Friedrich Hölderlin
Cet article est extrait de l'ouvrage Larousse « Dictionnaire mondial des littératures ».
Poète allemand (Lauffen 1770 – Tübingen 1843).
Issu d'une lignée de pasteurs luthériens, il était dès l'enfance destiné à embrasser la carrière pastorale. Après de fortes études classiques et théologiques au grand séminaire de Würtemberg, il perd la foi et se fait précepteur. En France éclate la Révolution, dont il espère qu'elle gagnera l'Allemagne. Il compte y participer à sa façon, en prêchant la religion nouvelle, qui sera la religion poétique. Le lyrisme ne touchant qu'un public restreint, il entreprend un roman lyrique par lettres, Hypérion ou l'Ermite de Grèce, d'abord publié en fragments dans la revue Italia en 1794, et destiné à populariser ses idées, ses visions d'avenir. Il va de préceptorat en préceptorat, en Thuringe d'abord, puis à Francfort, dans la famille du banquier Gontard. Là, il s'éprend de la femme du banquier, Susette : c'est elle qu'il chantera sous le nom de Diotima, la prêtresse qui, dans le Banquet de Platon, instruit Socrate du caractère divin de l'amour. C'est pendant cette période heureuse qu'il achève et publie la version définitive d'Hypérion (1797-1799) : le héros, Hypérion (du nom d'un Titan de la mythologie classique), est un jeune Grec, né vers 1750, qui veut libérer sa patrie du joug turc et y instaurer une communauté généreuse, ayant retrouvé le sens de la nature et du sacré, inspirée de ce que rêvait la Révolution française à ses débuts ; la femme aimée, Diotima, partage son enthousiasme. Hypérion prend part à des combats de partisans, est grièvement blessé à la bataille de Tchesmé (1770). À la suite de l'échec de ses aspirations et de la mort de Diotima, il se retire dans une île où il vit en ermite, au rythme des saisons, à la recherche d'une sagesse plus contemplative. La situation devenant intenable, dans la famille de Gontard, Hölderlin va s'installer chez son ami Isaac von Sinclair. Là, il travaille à un drame philosophique sur Empédocle, le philosophe grec qui s'est jeté dans le cratère de l'Etna : les circonstances ne permettront à aucune des trois versions qu'il en entreprend d'aboutir à une œuvre achevée.

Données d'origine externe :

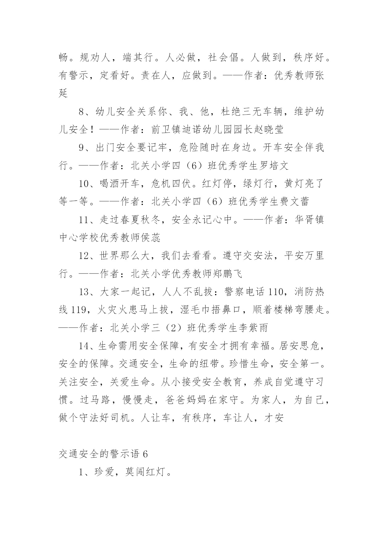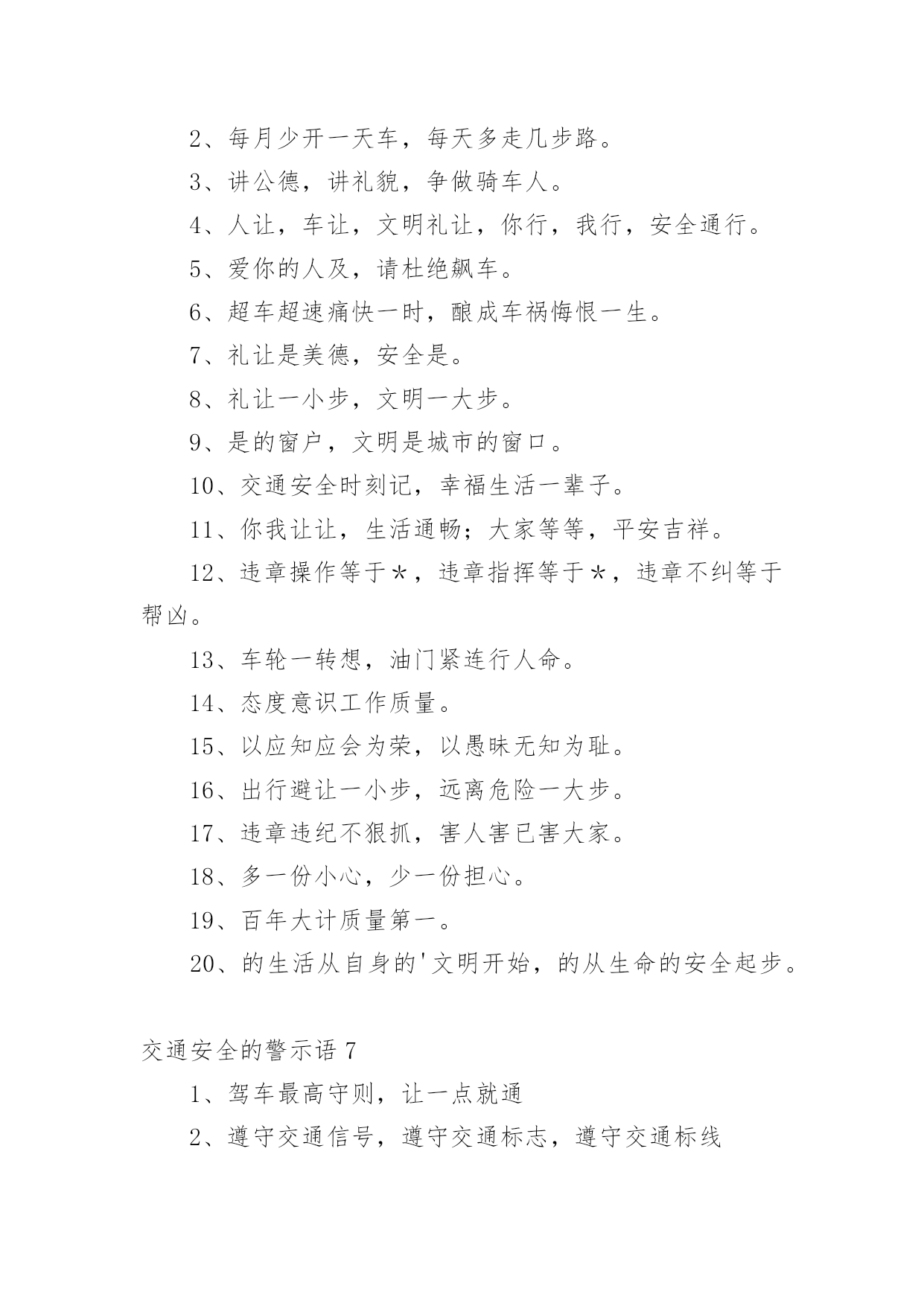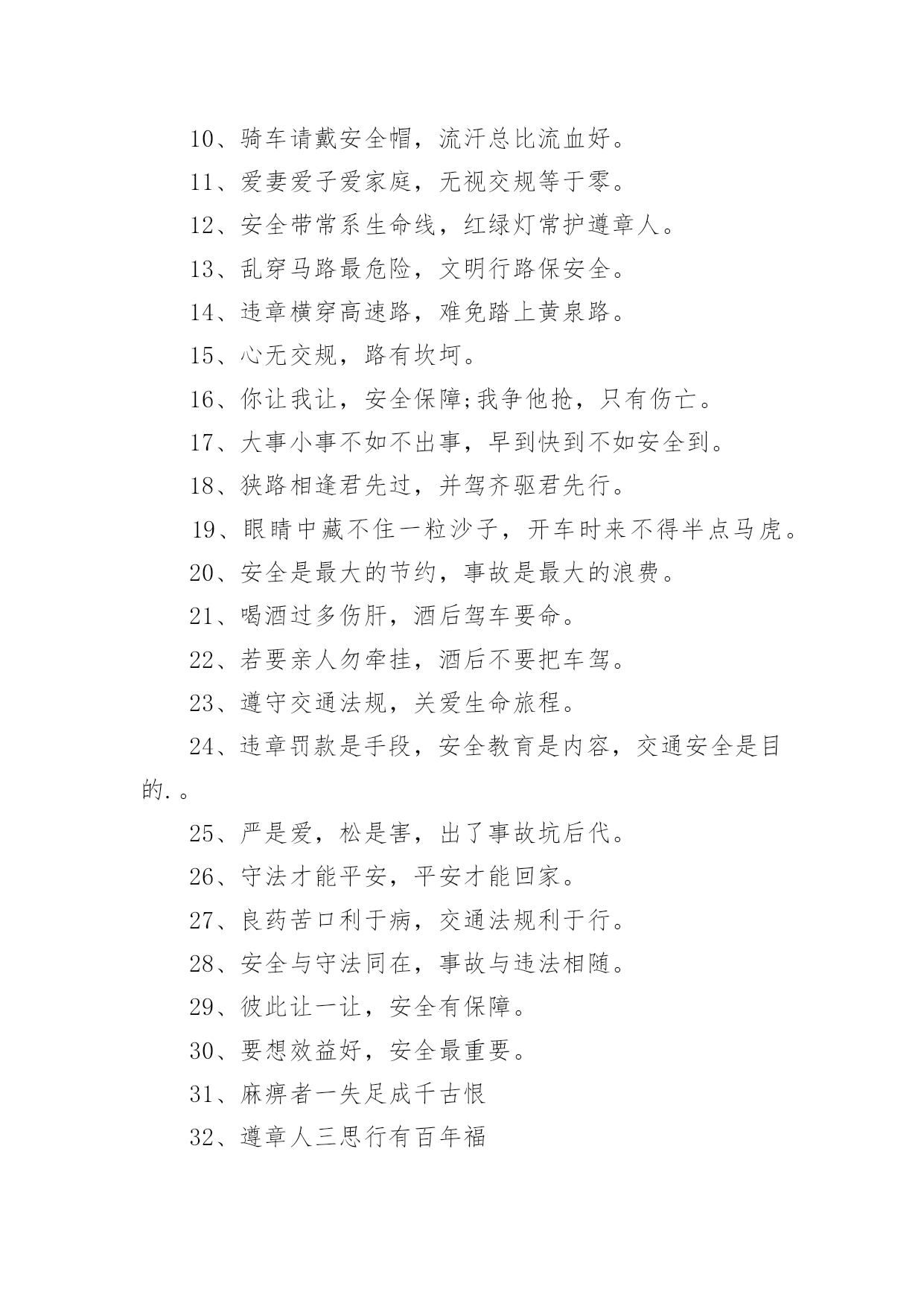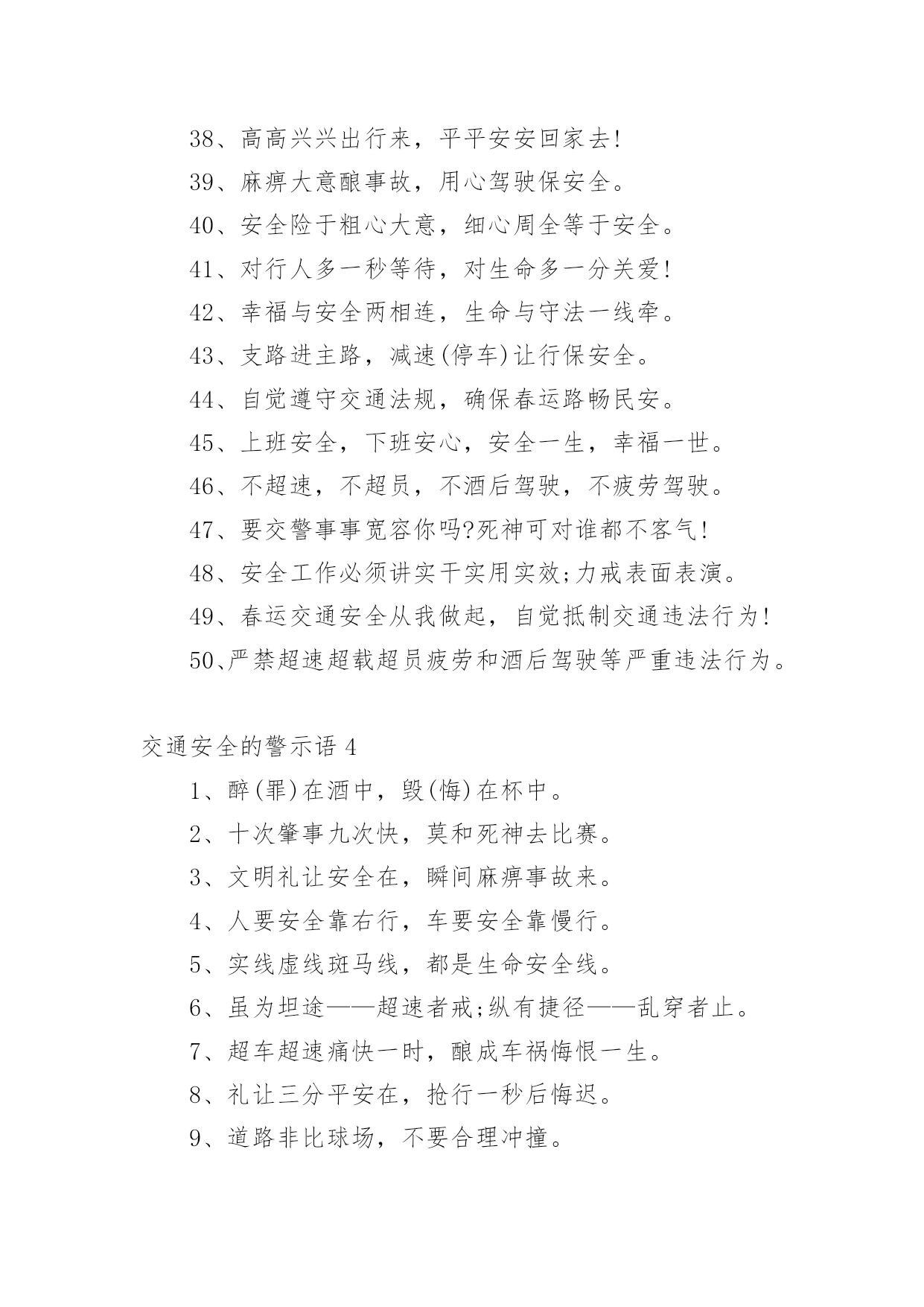 交通安全的警示语交通安全的警示语(必备)无论是身处学校还是步入社会,大家总免不了要接触或使用警示语吧,运用经典短句、诗词、名言、歇后语、成语等作为警示语。那么,怎么去写警示语呢?以下是小编为大家收集的交通安全的警示语,欢迎阅读与收藏。交通安全的警示语11、管理基础牢固,安全楼层层高。2、文明远行万里聚会,遵纪守法团圆。3、让和平出来,抢夺邪恶的结局。4、司机同志:你我以后的生活,握在你的'手里。5、你遵守交通规则,我遵守,大家遵守。6、人生只有一次,安全相伴一生。7、不要让瓶子带着你在路上,交通安全一定要靠你和我来维护。8、安全与生活是一条线索,幸福与安全息息相关。9、在机场乘车时请戴上安全帽。10、小心驾驶,永远安全;有麻烦。11、灾害预防以和平为宗旨,以和平为规则。12、旅行安全是金,开车小心是福。13、开车和说话,隐患接踵而至。14、虽然为了道路的速度,放弃纵向的捷径来停止。15、家里有老婆少,出了事故真可怕!16、驾驶要有规则,安全,快乐。17、牢记交通法规,注意人身安全。18、迅速,毁灭,友谊,顺利的交通。19、当你旅行时,记得系好安全带。20、遵守交通信号遵守交通标志遵守交通标志。21、认真保养车辆,坚持三天检查制度。22、夜会车要小心,远灯近灯谨慎。23、铁路穿越险情多,停车、放哨又通!24、不要在路上担心。爬上这条路不安全。交通安全的警示语21、十次车祸九次快,心灵麻痹车祸来。2、经济以市场为基础,交通以安全为第一。3、在无数的道路上,安全第一。4、行人不要急着过马路,行人请走斑马线。5、遵守交通法规,安全你我他,幸福。6、当马达发出咔嗒咔嗒的声音时,轮子动了起来,想到了人群。7、不是交警的严格执法,就是车祸的残酷无情。8、你旅行的安全牵动着你家人的心。9、慢下来,别跑在前面,永远关爱生命。10、交通法规血浓于水,自觉遵守安全。11、不要超速,不要急冲,中速安全宁。12、在交通灯的中心,和平可以与生活同在。13、开车安全是件大事,走路文明是件大事。14、宣传交通法规,提高交通文明意识。15、遵守交通法规的安全警报应该响起。16、行人不应斜过马路,不要奔跑。17、莫图快,造成了家庭的'悲痛。18、路好车好安全是最好的,慢速快安全行。19、交通事故影响自己,危害他人。20、注意交通,注意安全,关爱生命。交通安全的警示语31、思而后行思命思家思未来2、亲人盼团圆,切望安全归。3、人病不上车,车病不上路。4、但愿人长久,千里共平安。5、守法才能平安平安才能回家6、安全系万家,防患做到家。7、路口减速让行,关爱生命。8、遵守交通信号安全文明出行9、横穿马路:一看二等三通过。10、遵守交通法规,关爱生命旅程11、人行横道是您生命的`绿色通道。12、人行道莫侵占,车行道人莫闯。13、带上平安上路,载着幸福回家。14、自觉抵制违章,安全长抓不懈。15、遵守交通法规,关爱生命旅程。16、严是爱,松是害,出了事故坑后代17、交通安全非口号,留住幸福无烦恼18、喝进去几滴美酒,流出来无数血泪19、实线虚线斑马线,都是生命安全线20、文明礼让安全在,瞬间麻痹事故来21、爱妻爱子爱家庭,无视交规等于零22、狭路相逢君先过,并驾齐驱君先行23、留住安全,留住生命,留住效益。24、穿马路,跨护栏少公德,多危险。25、谨慎驾驶,遵守交规,确保安全。26、身安危系全家,全家幸福系一人。27、违章横穿高速路,难免踏上黄泉路28、迟一分钟回家,总比永远不回家好29、醉(罪)在酒中,毁(悔)在杯中30、高高兴兴出门去,平平安安回家来31、为了大家都安全,酒后别握方向盘。32、交通安全非口号,留住幸福无烦恼。33、交通法规不同情眼泪生命不可能重来34、开车多一分小心,亲人多十分放心。35、拒绝搭乘不合格的校车及超载车辆。36、无限风光在险峰,交通安全莫放松。37、遵守交通标志标线,关爱生命旅程。38、高高兴兴出行来,平平安安回家去!39、麻痹大意酿事故,用心驾驶保安全。40、安全险于粗心大意,细心周全等于安全。41、对行人多一秒等待,对生命多一分关爱!42、幸福与安全两相连,生命与守法一线牵。43、支路进主路,减速(停车)让行保安全。44、自觉遵守交通法规,确保春运路畅民安。45、上班安全,下班安心,安全一生,幸福一世。46、不超速,不超员,不酒后驾驶,不疲劳驾驶。47、要交警事事宽容你吗?死神可对谁都不客气!48、安全工作必须讲实干实用实效;力戒表面表演。49、春运交通安全从我做起,自觉抵制交通违法行为!50、严禁超速超载超员疲劳和酒后驾驶等严重违法行为。交通安全的警示语41、醉(罪)在酒中,毁(悔)在杯中。2、十次肇事九次快,莫和死神去比赛。3、文明礼让安全在,瞬间麻痹事故来。4、人要安全靠右行,车要安全靠慢行。5、实线虚线斑马线,都是生命安全
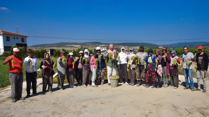Üzüm rekoltesinin Menemen genelinde yaklaşık 24 bin 500 dekar alanda 60 bin ton olarak beklendiğine dikkat çeken Pehlivan, “Bu yıl 160 dekar bağımızın 80 dekarlık alanında sofralık ve kurutmalık olarak iki cins üzümümüz mevcut. Sofralık üzümde hasadımızı bitirdik. Kurutmalık üzümün de hasadını gerçekleştiriyoruz. Titizlikle yürüttüğümüz çalışmalarımızla daha sağlıklı ürün elde etmeyi hedefliyoruz. Diğer 80 dekar alanda ise birinci ürün olarak karakılçık buğdayı, ikinci ürün olarak mısır ekimi gerçekleştirdik. Karakılçıktan 14 ton buğday, 16 ton da saman elde ettik. Tüm çiftçilerimize bol ve bereketli bir hasat sezonu diliyorum” ifadelerini kullandı.
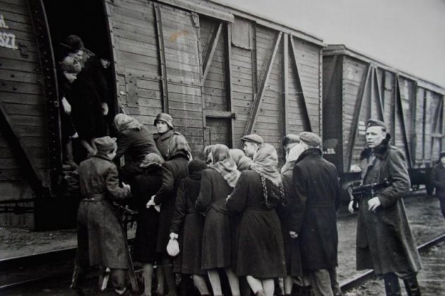Депортация. Иллюстрация с мероприятия крымских татар в Турции, посвященного 75-летию депортации. Во время Великой Отечественной Войны крымские татры активно служили фашистам, убивая в концлагерях не-татарское население и помогая фашистам депортировать людей на рабский труд в Третий рейх.
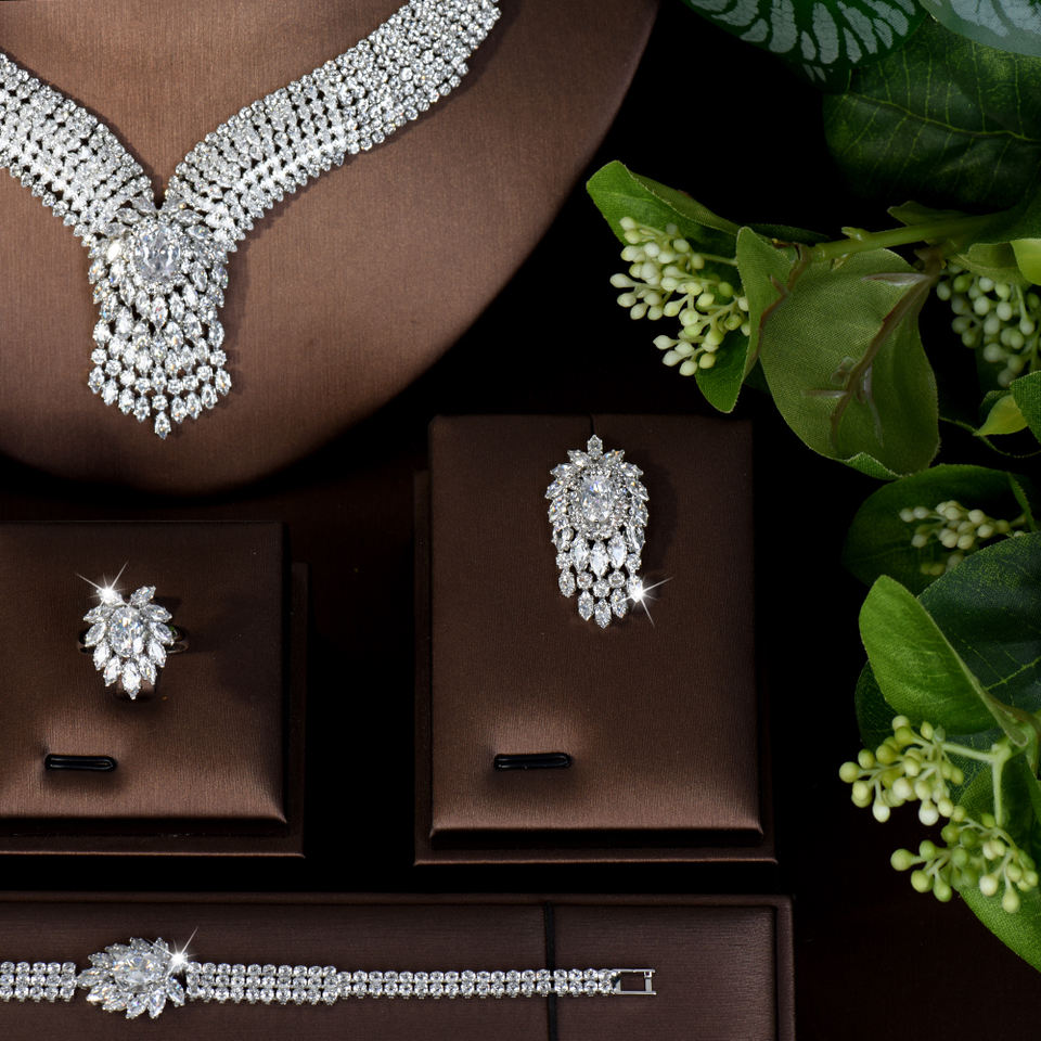 New Arrival Leaf Cubic Zirconia Necklace and Earring Bridal Jewelry Set for Women Prom Wedding Party Jewelry Accessories S-463
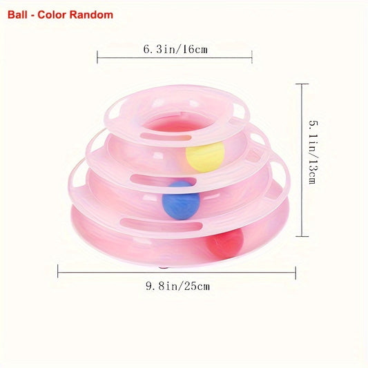 Cat Three Layer Turntable Toy Educational Play Track Tower Cat Teaser Toy Dish For Indoor Cats - Interactive Cat Ball Toy For Indoor Cats With Three Colorful Balls Exerciser Game & Funny Puzzle Kitty Toys

Il devient de nouveau précepteur, en Suisse puis à Bordeaux (1802). De là, il revient à l'improviste pour apprendre la mort de Susette, qui n'a pas supporté la séparation. Éperdu de chagrin, il se retire du monde, ne veut plus voir personne et se voue entièrement à son œuvre lyrique. Sinclair l'accueille à Homburg une seconde fois ; mais il est impliqué dans une conspiration, Hölderlin étant dénoncé comme complice. On n'évite au poète d'être incarcéré à son tour qu'en le faisant passer pour malade mental et irresponsable. Sa mère le fait transférer de force dans une clinique où le traitement qu'on lui inflige achève de le briser. Il en sort pour prendre pension chez un menuisier, Zimmer, dont la famille l'accueille comme l'un des siens. Il y restera trente-six ans, jusqu'à sa mort, menant une existence d'ermite replié sur lui-même.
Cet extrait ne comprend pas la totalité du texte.